そして、更に恐怖を感じた。私は戦えばきっと、このキング・ドラゴンに倒されるだろう。つまり、殺されるだろう。い、嫌だ! 死にたくない! 私はまだ、死にたくない! そのためには、どうすればいいだろう? そうだ、逃げよう! 今すぐ、ここから逃げよう! そしてナバウ様が言っていたように、お城に帰ろう! そう考えた時、私は前から両肩を強く掴まれた。そして、ナバウ様の声が聞こえた。
「……じょ、……じょ、ユーミ王女、しっかりしてください!」
その言葉で、私は我に返った。え? 私はさっき、何を考えていたのかしら?……。するとナバウ様の、必死な声が聞こえた。
「しっかりしてください、ユーミ王女! おそらくキング・ドラゴンの精神攻撃を喰らったんでしょうが、ボーッとしててはいけません!」
その言葉を聞いて、私は理解した。なるほど。これがキング・ドラゴンの、精神攻撃か。雄たけびを聞いた者に、恐怖心を与える攻撃か……。でも今は、ナバウ様のおかげで正気を取り戻した。なので私は、ナバウ様に告げた。
「ありがとうございます、ナバウ様。おかげで、正気を取り戻しましたわ」
「大丈夫ですか、ユーミ王女? まだ、戦えますか?」
そう聞かれた私は、ナバウ様に言い放った。
「もちろんですわ! 私は絶対に、あのキング・ドラゴンを戦闘不能にして見せますわ!」
そうして私は、再びキング・ドラゴンと対峙した。私に精神攻撃が効かないと理解したのか、キング・ドラゴンは攻撃方法を変えてきた。キング・ドラゴンは、その大きな二枚の翼をはばたかせた。すると私は、ものすごい風圧の風を感じた。くっ、これは動きを封じられますわ。でも、これくらい! 私は風圧に耐えながら、聖剣アポビーを構えた。すると次の瞬間、私は体中に痛みを感じた。

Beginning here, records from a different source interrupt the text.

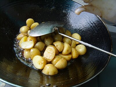 2,炒锅加油烧至6成热下土豆块炒五分钟,加入精盐、酱油炒匀调味;
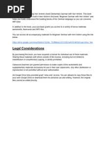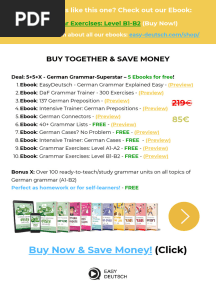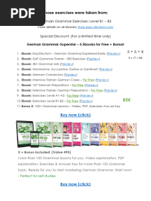 Our ever-growing collection of German documents will help enrich your learning, whether you’re an experienced speaker or brand new to the language. Explore thousands of textbooks, study guides, sample exams, handbooks, dictionaries, and more. Titles like Short Stories in German For Beginners and Learn German With Stories: Café in Berlin will make your learning experience more engaging and enjoyable. More advanced speakers will enjoy reading in-depth articles, manuals, and documents to test their comprehension. So whether you’re learning German in a university course, or you’re a past speaker whose skills have lapsed, our collection has resources curated for all knowledge and skill levels. Planning a trip to Germany? Explore useful documents to help you learn basic vocabulary and common turns of phrase. Eager to converse with German friends or relatives? Immerse yourself in our collection of German PDFs covering grammar, syntax, and more. No matter what your particular goals are, you’ll find new and exciting ways to learn German when you sign up for Scribd.
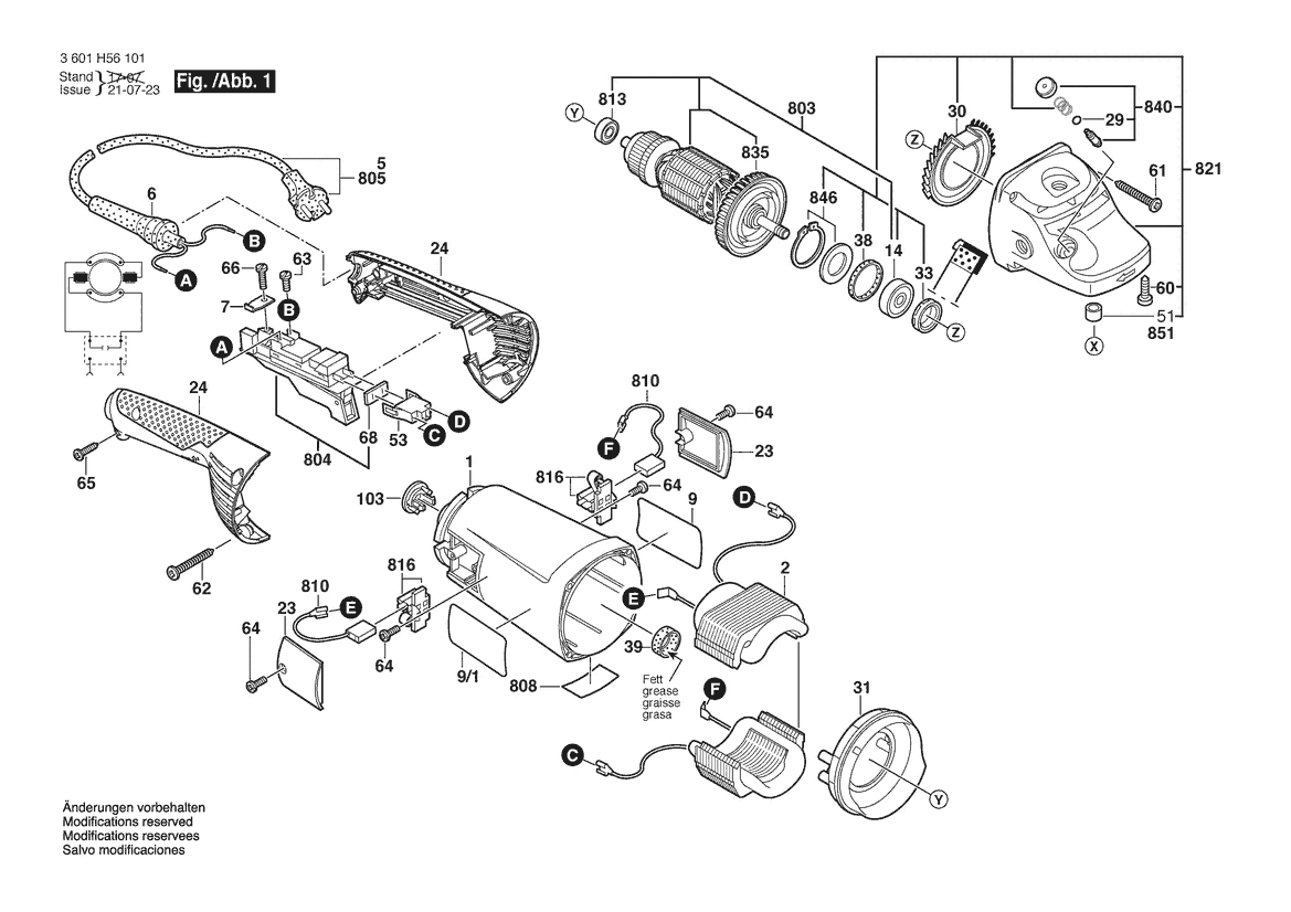 Folgende Ersatzteile für Bosch Winkelschleifer GWS 26-230 JH | 230 V | 001 - EU (3 601 H56 1P1) können Sie hier bestellen:

な、これは一体、どういうこと?! 私は自分の体を見てみると、ピンクのドレスが無数に切られていることに気づいた。なので、分かった。さっきのキング・ドラゴンの攻撃は風圧ではなく、目に見えない真空波だと! くっ。目に見えない、真空波の攻撃ですか。これは、やっかいですわ……。
するとキング・ドラゴンは、再びその大きな翼をはばたかせた。くっ、またくる! 目には見えない、真空波の攻撃が! なので私は、大きくジャンプしてみた。すると何とか、真空波の攻撃をかわすことができた。やりましたわ! 真空波の攻撃は、こうやってかわせばいいんですわ!
するとキング・ドラゴンは、私に攻撃が効かないことを理解したのか戸惑っているようだ。確かに、このキング・ドラゴンは強い。精神攻撃と、目には見えない真空波の攻撃。この攻撃を喰らったら、普通の剣士は負けてしまうだろう。でも、残念ですわねキング・ドラゴン。私はあなたを戦闘不能にするほどの、剣聖を目指しているんですわ! さあ、これからはこっちの番ですわ!
そして私は、キング・ドラゴンに聖剣アポビーで連続斬りをあびせた。だがキング・ドラゴンに、ダメージはないようだ。くっ。さすがは最強のモンスターと言われる、キング・ドラゴンですわ。普通の攻撃は、効きませんか。それならば……。
私はリラックスして精神を集中させて、魔力を作った。するとそれに反応して、聖剣アポビーが目覚めた。
「ふーむ。お主、あの敵に苦戦しているようである……」
「そうなの! だから力を貸して、聖剣アポビー!」
「もちろんである。さあ、我輩に魔力を注ぐのである」
「ええ!」
と私は聖剣アポビーに、魔力を注ぎ込んだ。すると黄色だった聖剣アポビーは、緑色に変わった。